Promise par Jacques Chirac et concrétisée par Nicolas Sarkozy, la baisse du taux de taxe sur la valeur ajoutée s’appliquant à la restauration à table, entrée en vigueur le 1er juillet 2009, vient ainsi d’être réévaluée à la faveur d’un nouveau plan d’austérité, le second en trois mois. L’ensemble des produits, à l’exception de ceux relevant de la première nécessité, sont concernés par la mesure annoncée par François Fillon, le secteur de la restauration n’étant pas directement ciblé par cette décision.

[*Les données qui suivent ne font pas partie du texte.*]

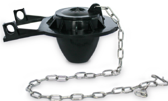
MASE175 FLAPPER CADENA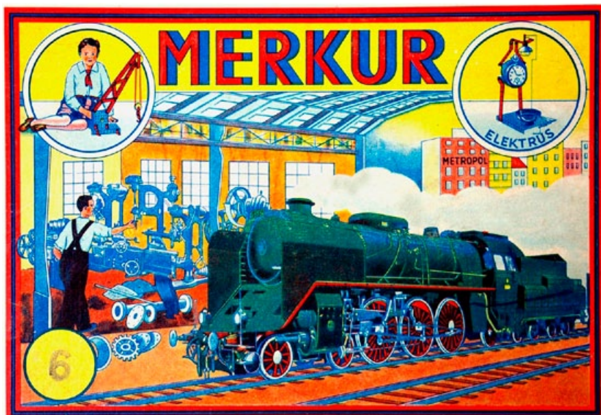
Stavebnice Merkur, 1949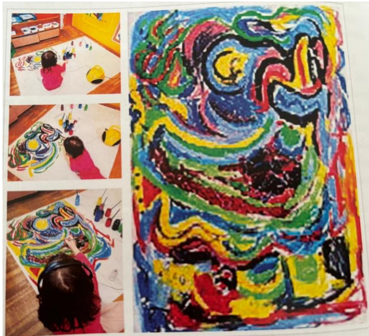
Slika 2: Doživljaj glazbe (Slunjski, 2020)

U Reggio pristupu djeca prikazuju na papiru i zvukove dok slušaju glazbu. Pri svakoj promjeni ritma djeca mijenjanju položaje i kretanja tijela što se prenosi i na njihova umjetnička djela (Slunjski, 2022). U Reggio pristupu važna je i analiza djela koja se ne odvija klasičnom evaluacijom odraslih na lijepo ili ne, već se nastoje otkriti kontekst u kojem je djelo nastalo. Tada odgojitelj razmišlja o prethodnim iskustvima djece, o komunikaciji s odgojiteljem tijekom nastanka rada, o atmosferi u prostoriji i slično (Ibid.).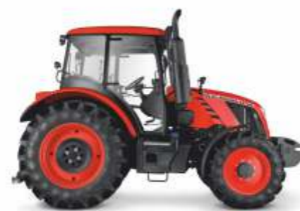
■ Proxima Power 80 – 120 KM

Cette modification, dont le bruit courait ces derniers jours, permet néanmoins de répondre à de multiples critiques émises sur la pertinence du choix effectué en 2009, les dernières statistiques fournies par l’Insee permettant notamment aux associations de consommateurs d’appuyer un véritable désaveu dans l’opinion. Entre juillet 2009 et mai 2010, la baisse cumulée des prix dans le circuit café-hôtels-restaurants s’est timidement élevée à 1,3%

Un an plus tard, le bilan était tout aussi peu glorieux selon l’association Consommation, logement et cadre de vie selon laquelle « 56,4 % des restaurants n’appliquent aucune réduction sur les prix, soit une progression de 7,4 % par rapport à octobre 2009  » ! Les efforts tarifaires figuraient pourtant en bonne place dans le « Contrat d’avenir » signé à Bercy quelques mois avant l’instauration de la mesure.

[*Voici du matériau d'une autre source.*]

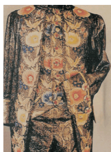
Herrenkleid – Empire 1815 © Haute Couture Ralf R. Stegemann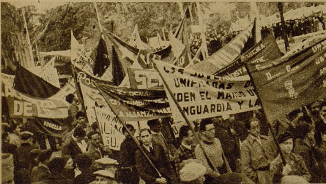
Las masas juveniles se manifestaron en Valencia con sus consignas: ¡Alianza Nacional de la Juventud! ¡Servicio militar obligatorio!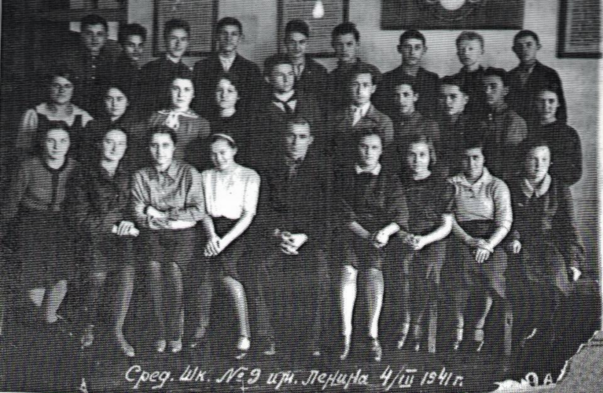
1941. 9a class. Secondary school № 9 after Lenin

Le « Contrat d’avenir » remis en cause

L’engagement numéro 1 stipulait ainsi que « les professionnels de la restauration traditionnelle s’engagent à baisser leurs prix d’au moins 11,8 % sur au moins 7 des 10 produits pouvant constituer la base d’un repas complet ». Difficile, aujourd’hui, de trouver des traces de l’application complète de cet accord. Dans un entretien accordé à France 24, l’économiste Mathieu Plane (OFCE) enfonce le clou : « la baisse de la TVA ne représente que 600 millions d’euros d’économies pour les consommateurs au lieu des 1,2 milliard d’euros attendus ».

Autre objet de ce contrat lui aussi sujet à polémique, la création d’emplois. Les objectifs, fixés à « 40.000 emplois supplémentaires dans les deux ans, dont 20.000 contrats en alternance, contrats d’apprentissage et contrats de professionnalisation », n’ont, pour de nombreux observateurs, pas été atteints.

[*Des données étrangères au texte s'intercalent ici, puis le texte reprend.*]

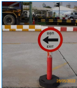
ภาพถ่ายที่ 2.2-17 ป้ายเครื่องหมายจราจรในพื้นที่โครงการ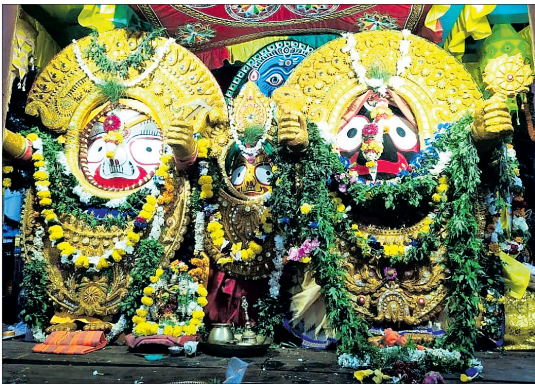
କୋରାପୁଟ ଜିଲ୍ଲା ସୁନାବେତା ଓ ଦାମନଯୋଡ଼ିରେ ଠାକୁରଙ୍କ ସୁନାବେଶ ।

ଖବରଦାତା ସମ୍ମିଳନୀରେ ରାଜ୍ୟ ସଂଘ ଉପରେ ବର୍ଷିଲେ ଓଡ଼ିଶା ଅମଳା ସଂଘ କର୍ମକର୍ତ୍ତା

Dès juillet 2009, le mensuel Alternatives économiques (classé à gauche), pointait du doigt ce point : « l’objectif ne devrait pas être trop difficile à atteindre, puisque, au cours des dix dernières années, la moyenne des créations a été de 15 000 par an », pouvait-on lire alors. Selon l’Union des métiers et des industries de l’hôtellerie, 25.000 emplois supplémentaires ont été crées, et 33.000 autres sauvegardés.

La Cour des comptes, dans son dernier rapport, a elle aussi émis de sérieuses critiques quant à l’efficacité de la mesure qui a néanmoins, selon les restaurateurs, permis à de nombreuses entreprises de traverser plus aisément la crise. Une seconde tranche de TVA réduite à 10% ou 12% a ainsi été préconisée par les sages de la rue Cambon, le gouvernement ayant, in fine, été légèrement moins vif.

Pour l’opposition, si la décision de ce mercredi est à même d’affaiblir davantage les ménages, le coup plus spécifique porté au secteur de l’hôtellerie-restauration suscite en revanche moins de critiques. En témoigne la position de François Hollande, proposant soit de « maintenir » à un taux de 5,5% (qui constituait la base du taux réduit) en échange d’actions « plus efficaces » de la part des professionnels du secteur, soit de revenir à une taux de TVA à 19,6%.

« TVA à 5,5% : engagement pris, promesse tenue », se félicitait, en 2009, l’UMP dans un courrier – accompagné d’un bulletin d’adhésion – aux restaurateurs. Selon l’angle choisi, la promesse est toujours tenue, le taux le plus bas de TVA étant toujours appliqué… ou non.